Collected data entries
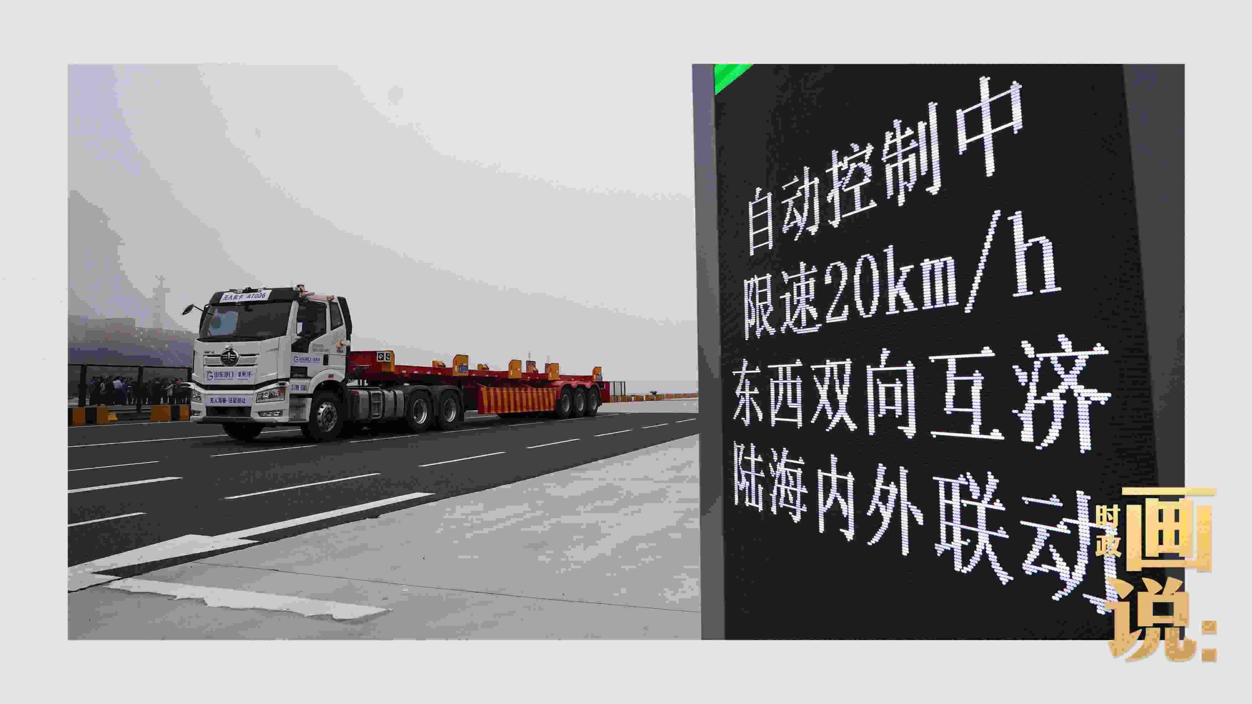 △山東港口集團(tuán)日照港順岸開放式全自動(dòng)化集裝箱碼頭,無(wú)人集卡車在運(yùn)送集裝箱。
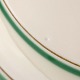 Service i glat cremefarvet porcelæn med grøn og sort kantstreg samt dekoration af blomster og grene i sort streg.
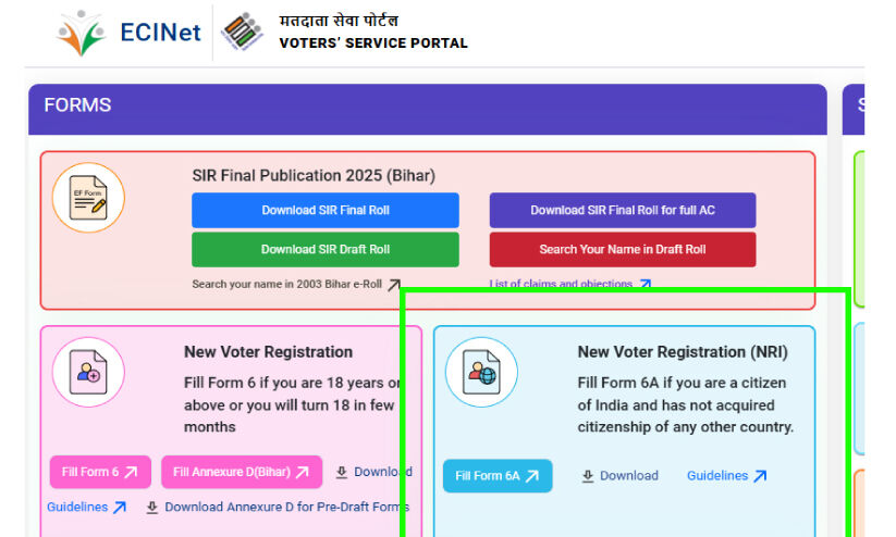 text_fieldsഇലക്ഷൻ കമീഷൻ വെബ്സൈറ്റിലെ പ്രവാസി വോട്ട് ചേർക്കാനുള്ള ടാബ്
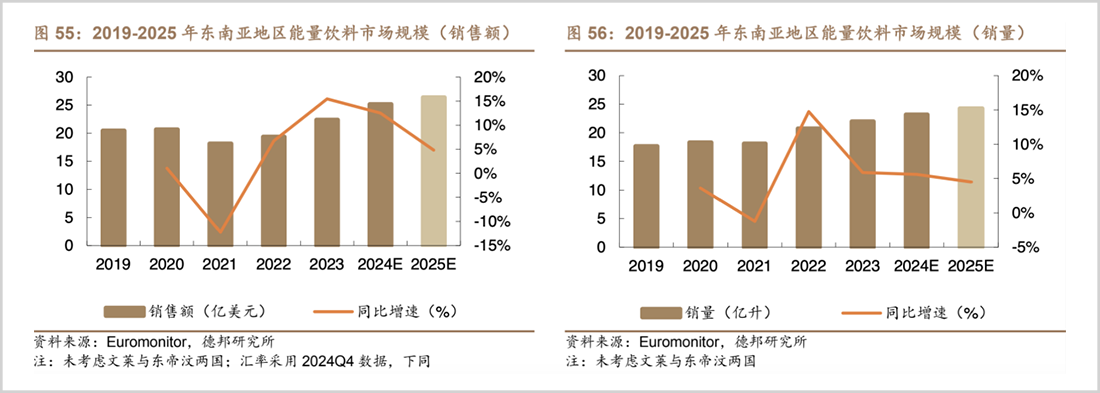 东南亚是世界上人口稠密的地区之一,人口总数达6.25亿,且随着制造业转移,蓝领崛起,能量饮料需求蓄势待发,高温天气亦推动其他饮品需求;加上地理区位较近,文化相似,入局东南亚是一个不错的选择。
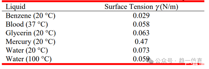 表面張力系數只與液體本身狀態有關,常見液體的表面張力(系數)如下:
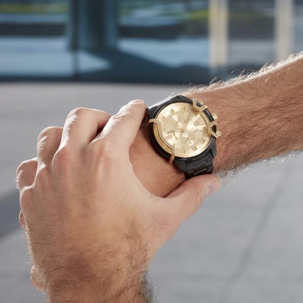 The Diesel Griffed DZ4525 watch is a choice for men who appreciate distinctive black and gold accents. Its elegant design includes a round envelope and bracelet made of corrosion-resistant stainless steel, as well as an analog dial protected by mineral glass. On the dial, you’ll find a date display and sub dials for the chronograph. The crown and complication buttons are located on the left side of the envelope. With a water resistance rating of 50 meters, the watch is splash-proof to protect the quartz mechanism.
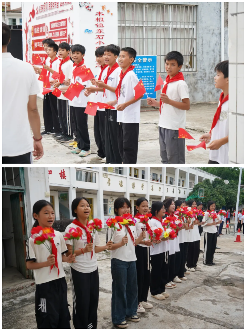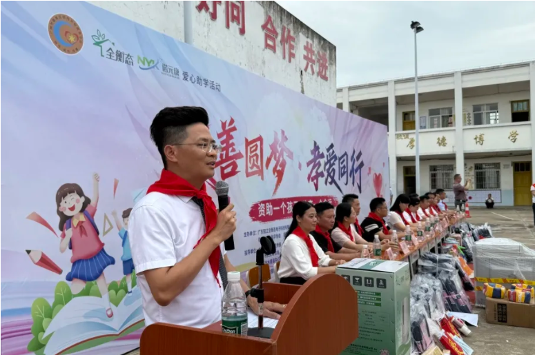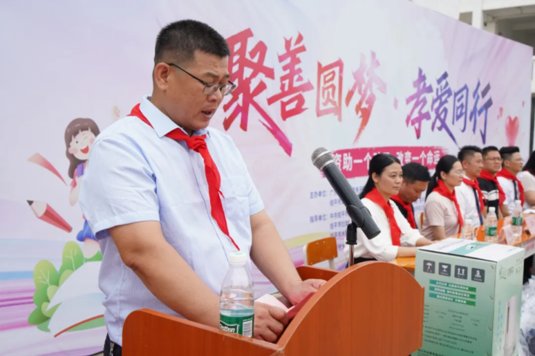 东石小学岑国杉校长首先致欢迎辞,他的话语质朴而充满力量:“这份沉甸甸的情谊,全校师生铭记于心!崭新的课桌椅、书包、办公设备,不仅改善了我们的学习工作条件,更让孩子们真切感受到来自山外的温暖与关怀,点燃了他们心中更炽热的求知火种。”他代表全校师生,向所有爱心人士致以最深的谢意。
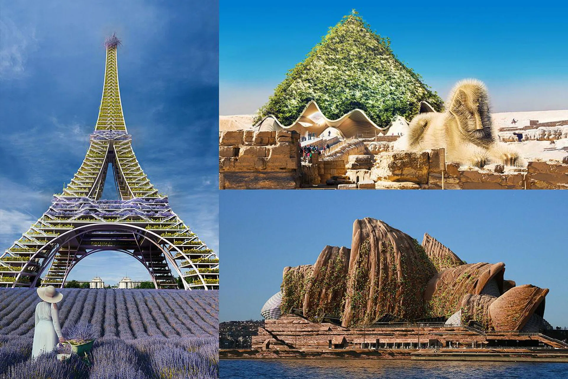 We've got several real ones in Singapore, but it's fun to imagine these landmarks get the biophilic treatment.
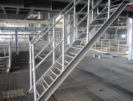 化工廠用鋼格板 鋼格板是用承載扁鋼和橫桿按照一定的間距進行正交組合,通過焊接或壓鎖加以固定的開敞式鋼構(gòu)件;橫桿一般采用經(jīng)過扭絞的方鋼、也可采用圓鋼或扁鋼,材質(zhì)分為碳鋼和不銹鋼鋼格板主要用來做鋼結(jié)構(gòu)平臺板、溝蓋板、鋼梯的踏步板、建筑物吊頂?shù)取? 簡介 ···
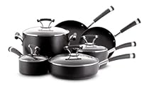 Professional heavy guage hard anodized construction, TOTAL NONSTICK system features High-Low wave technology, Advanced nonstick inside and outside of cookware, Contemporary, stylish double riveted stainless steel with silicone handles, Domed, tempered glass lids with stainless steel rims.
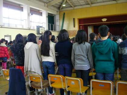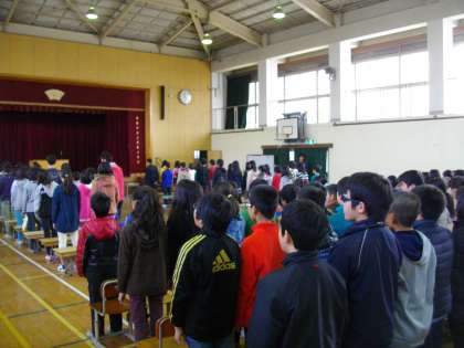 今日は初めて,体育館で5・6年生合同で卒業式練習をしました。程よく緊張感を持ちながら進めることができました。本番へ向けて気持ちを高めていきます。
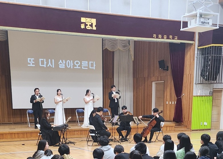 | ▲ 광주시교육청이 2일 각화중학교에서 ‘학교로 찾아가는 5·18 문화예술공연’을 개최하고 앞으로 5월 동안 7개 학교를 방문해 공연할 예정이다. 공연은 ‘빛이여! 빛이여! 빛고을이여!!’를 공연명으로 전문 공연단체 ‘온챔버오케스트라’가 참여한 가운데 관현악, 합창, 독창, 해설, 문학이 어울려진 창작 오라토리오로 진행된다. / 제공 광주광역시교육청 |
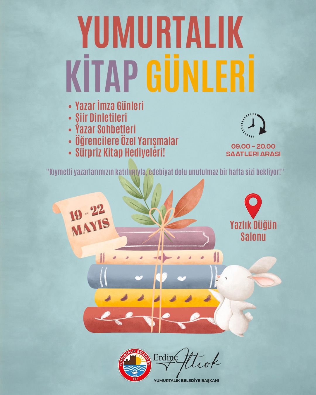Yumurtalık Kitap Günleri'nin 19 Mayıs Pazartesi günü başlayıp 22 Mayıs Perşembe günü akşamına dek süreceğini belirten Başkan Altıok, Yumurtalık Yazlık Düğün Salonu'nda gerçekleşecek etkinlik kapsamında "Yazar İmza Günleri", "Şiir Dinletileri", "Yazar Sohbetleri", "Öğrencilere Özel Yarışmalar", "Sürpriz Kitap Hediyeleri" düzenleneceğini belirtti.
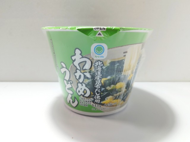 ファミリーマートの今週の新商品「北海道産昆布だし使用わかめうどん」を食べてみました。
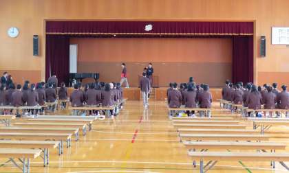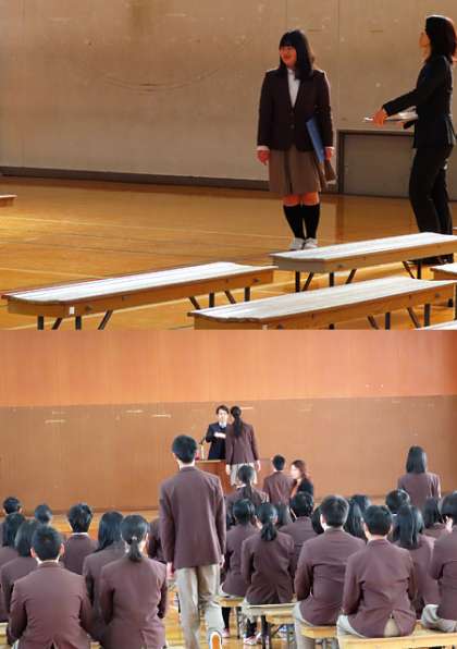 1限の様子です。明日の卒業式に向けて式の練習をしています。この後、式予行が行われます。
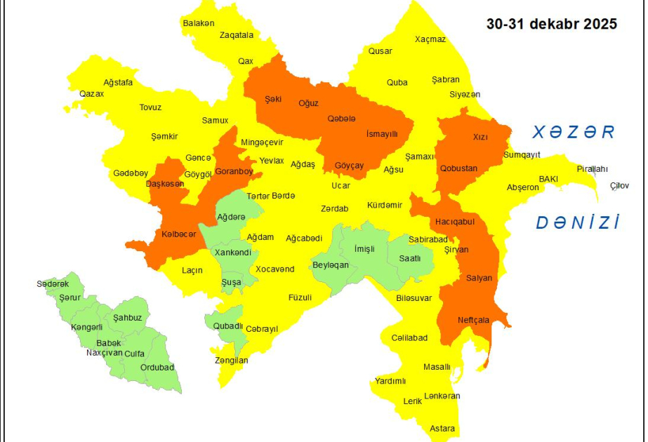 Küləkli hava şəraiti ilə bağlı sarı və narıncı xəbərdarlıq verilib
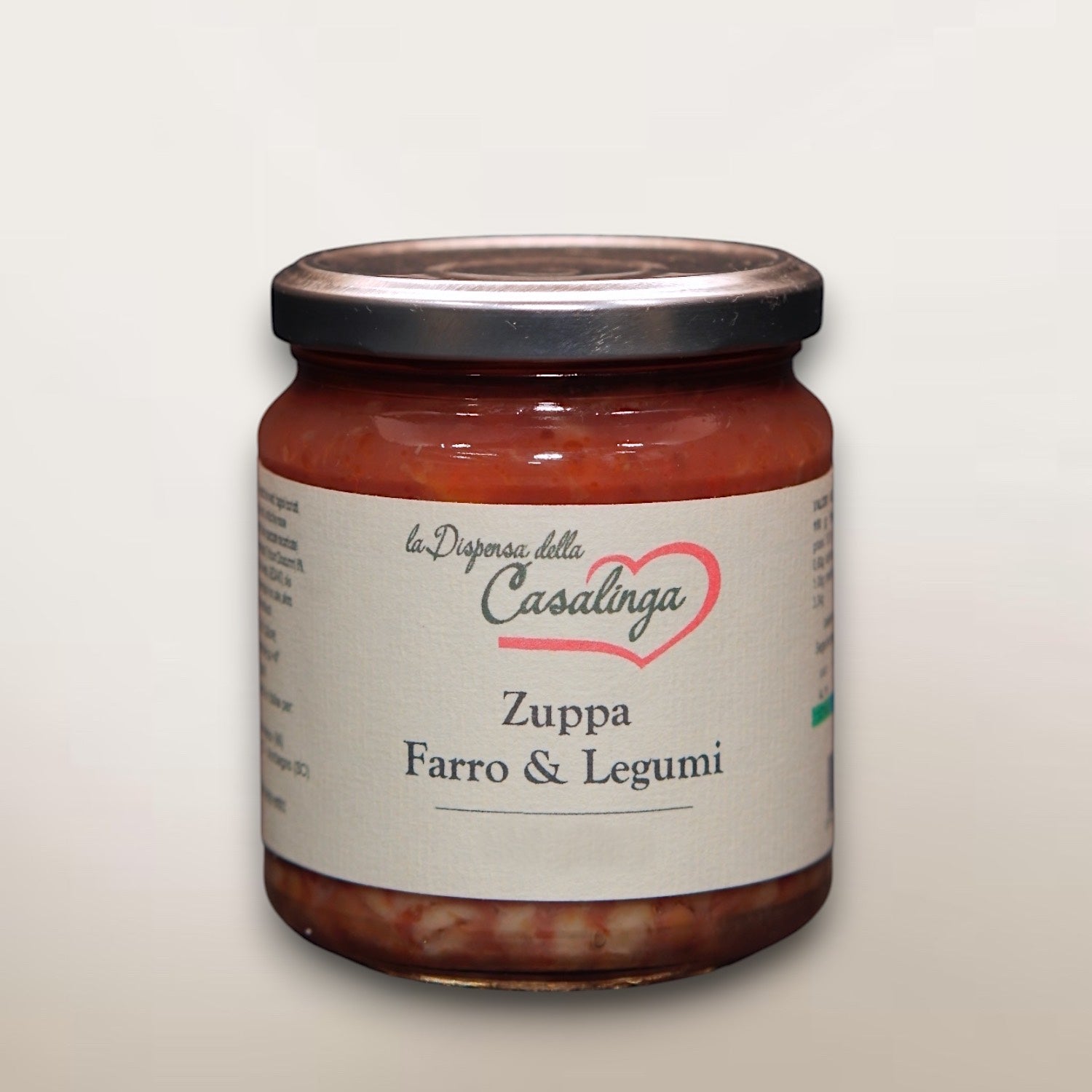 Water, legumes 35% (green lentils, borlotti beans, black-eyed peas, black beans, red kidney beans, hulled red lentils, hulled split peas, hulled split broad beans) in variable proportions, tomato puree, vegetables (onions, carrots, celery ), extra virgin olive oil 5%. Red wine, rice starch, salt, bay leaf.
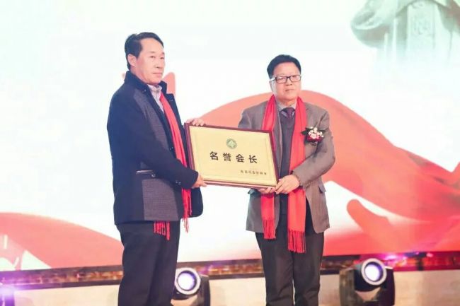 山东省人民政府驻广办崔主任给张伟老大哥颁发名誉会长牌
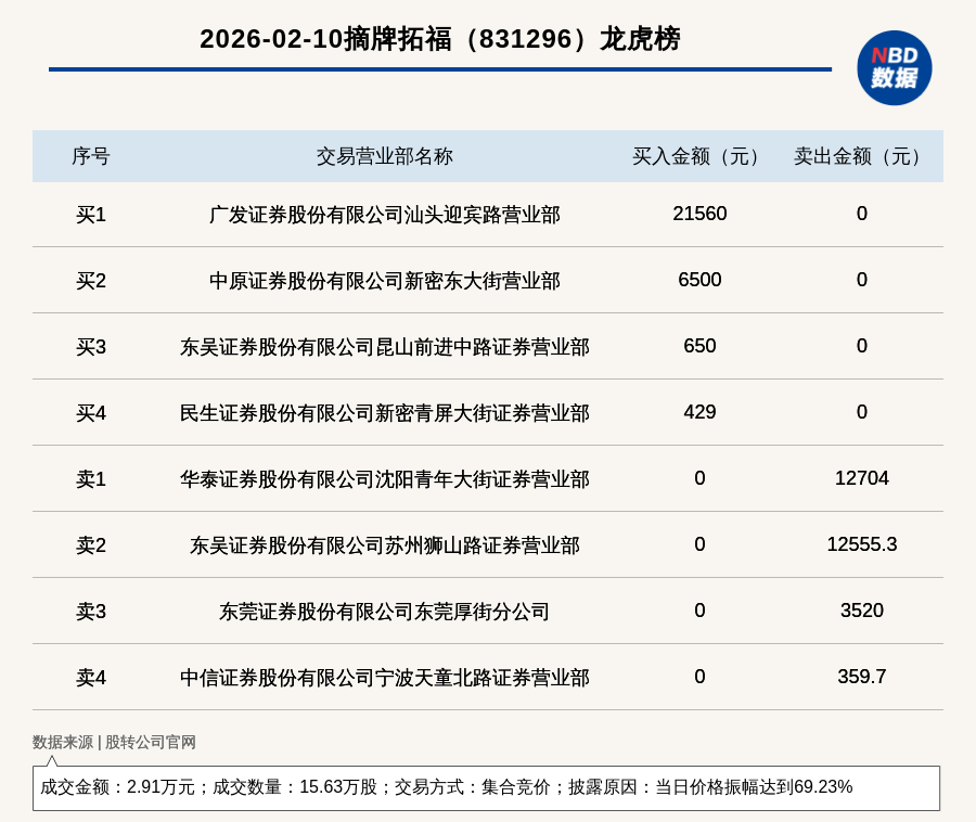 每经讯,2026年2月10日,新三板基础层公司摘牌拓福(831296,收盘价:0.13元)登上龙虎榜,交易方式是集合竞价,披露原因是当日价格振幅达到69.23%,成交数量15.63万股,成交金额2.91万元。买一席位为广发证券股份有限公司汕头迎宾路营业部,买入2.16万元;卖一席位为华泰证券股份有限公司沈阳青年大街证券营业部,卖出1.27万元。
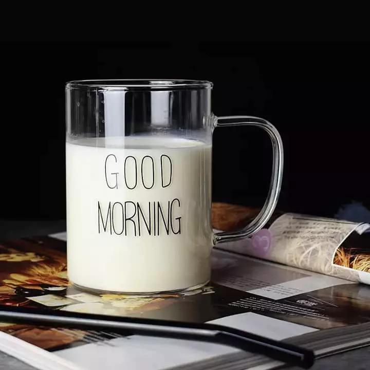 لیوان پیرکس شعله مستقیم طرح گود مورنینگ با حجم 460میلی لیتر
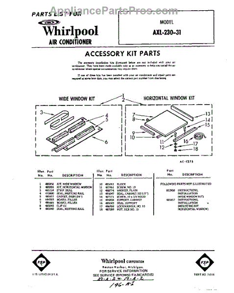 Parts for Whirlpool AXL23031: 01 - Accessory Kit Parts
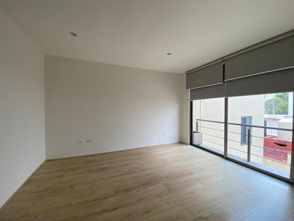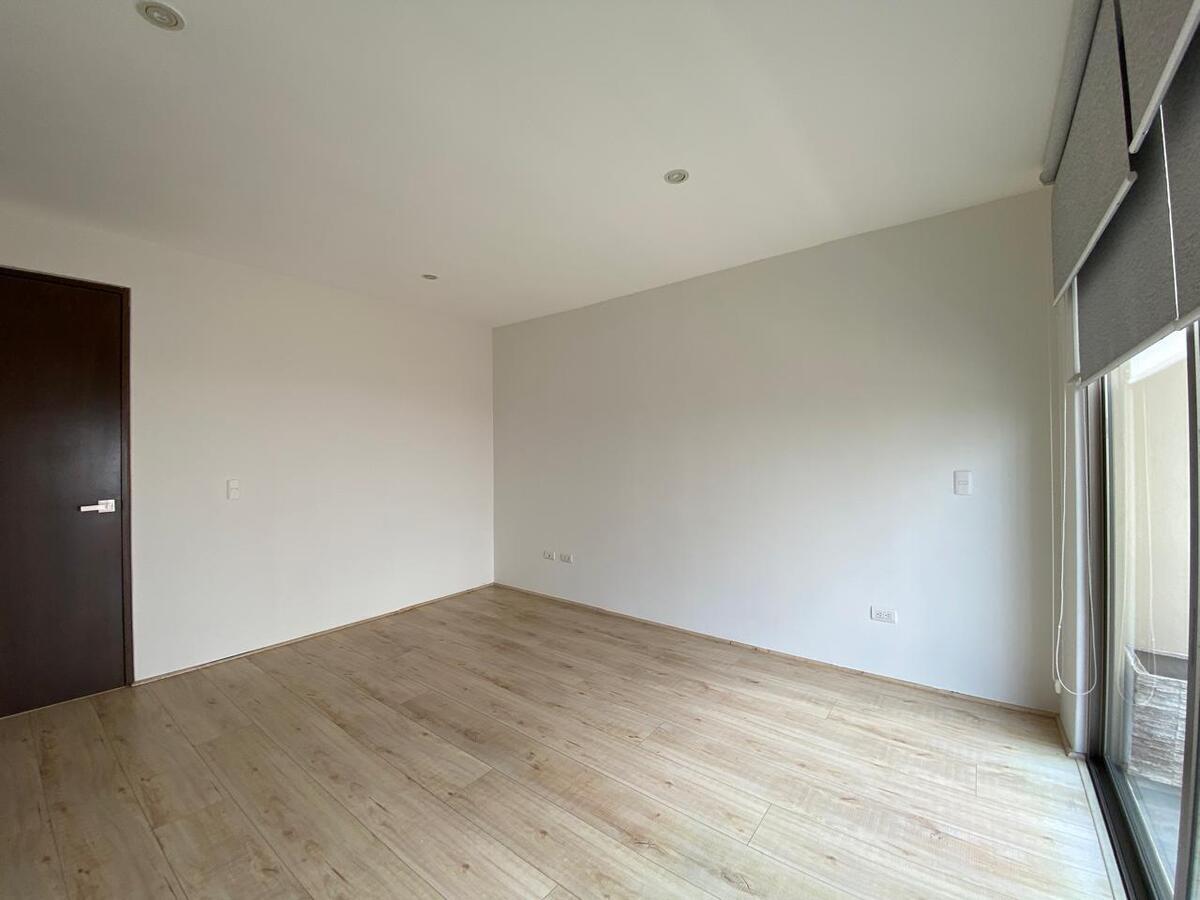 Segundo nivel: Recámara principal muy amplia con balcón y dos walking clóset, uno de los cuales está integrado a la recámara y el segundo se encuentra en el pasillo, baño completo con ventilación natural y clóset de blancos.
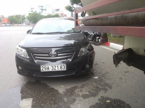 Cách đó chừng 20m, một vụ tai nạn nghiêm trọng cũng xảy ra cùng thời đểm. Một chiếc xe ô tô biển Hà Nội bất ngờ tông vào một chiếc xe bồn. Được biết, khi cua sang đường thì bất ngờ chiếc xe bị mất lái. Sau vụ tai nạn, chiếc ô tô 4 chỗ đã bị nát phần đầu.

ACTIVITY:
Would you copy, word for word, only the lines above from the one containing "东石小学岑国杉校长首先致欢迎" through the one containing "ファミリーマートの今週の新商", both included, and please leave out the pictures?

EXPECTED ANSWER:
 东石小学岑国杉校长首先致欢迎辞,他的话语质朴而充满力量:“这份沉甸甸的情谊,全校师生铭记于心!崭新的课桌椅、书包、办公设备,不仅改善了我们的学习工作条件,更让孩子们真切感受到来自山外的温暖与关怀,点燃了他们心中更炽热的求知火种。”他代表全校师生,向所有爱心人士致以最深的谢意。
 We've got several real ones in Singapore, but it's fun to imagine these landmarks get the biophilic treatment.
 化工廠用鋼格板 鋼格板是用承載扁鋼和橫桿按照一定的間距進行正交組合,通過焊接或壓鎖加以固定的開敞式鋼構(gòu)件;橫桿一般采用經(jīng)過扭絞的方鋼、也可采用圓鋼或扁鋼,材質(zhì)分為碳鋼和不銹鋼鋼格板主要用來做鋼結(jié)構(gòu)平臺板、溝蓋板、鋼梯的踏步板、建筑物吊頂?shù)取? 簡介 ···
 Professional heavy guage hard anodized construction, TOTAL NONSTICK system features High-Low wave technology, Advanced nonstick inside and outside of cookware, Contemporary, stylish double riveted stainless steel with silicone handles, Domed, tempered glass lids with stainless steel rims.
 今日は初めて,体育館で5・6年生合同で卒業式練習をしました。程よく緊張感を持ちながら進めることができました。本番へ向けて気持ちを高めていきます。
 | ▲ 광주시교육청이 2일 각화중학교에서 ‘학교로 찾아가는 5·18 문화예술공연’을 개최하고 앞으로 5월 동안 7개 학교를 방문해 공연할 예정이다. 공연은 ‘빛이여! 빛이여! 빛고을이여!!’를 공연명으로 전문 공연단체 ‘온챔버오케스트라’가 참여한 가운데 관현악, 합창, 독창, 해설, 문학이 어울려진 창작 오라토리오로 진행된다. / 제공 광주광역시교육청 |
Yumurtalık Kitap Günleri'nin 19 Mayıs Pazartesi günü başlayıp 22 Mayıs Perşembe günü akşamına dek süreceğini belirten Başkan Altıok, Yumurtalık Yazlık Düğün Salonu'nda gerçekleşecek etkinlik kapsamında "Yazar İmza Günleri", "Şiir Dinletileri", "Yazar Sohbetleri", "Öğrencilere Özel Yarışmalar", "Sürpriz Kitap Hediyeleri" düzenleneceğini belirtti.
 ファミリーマートの今週の新商品「北海道産昆布だし使用わかめうどん」を食べてみました。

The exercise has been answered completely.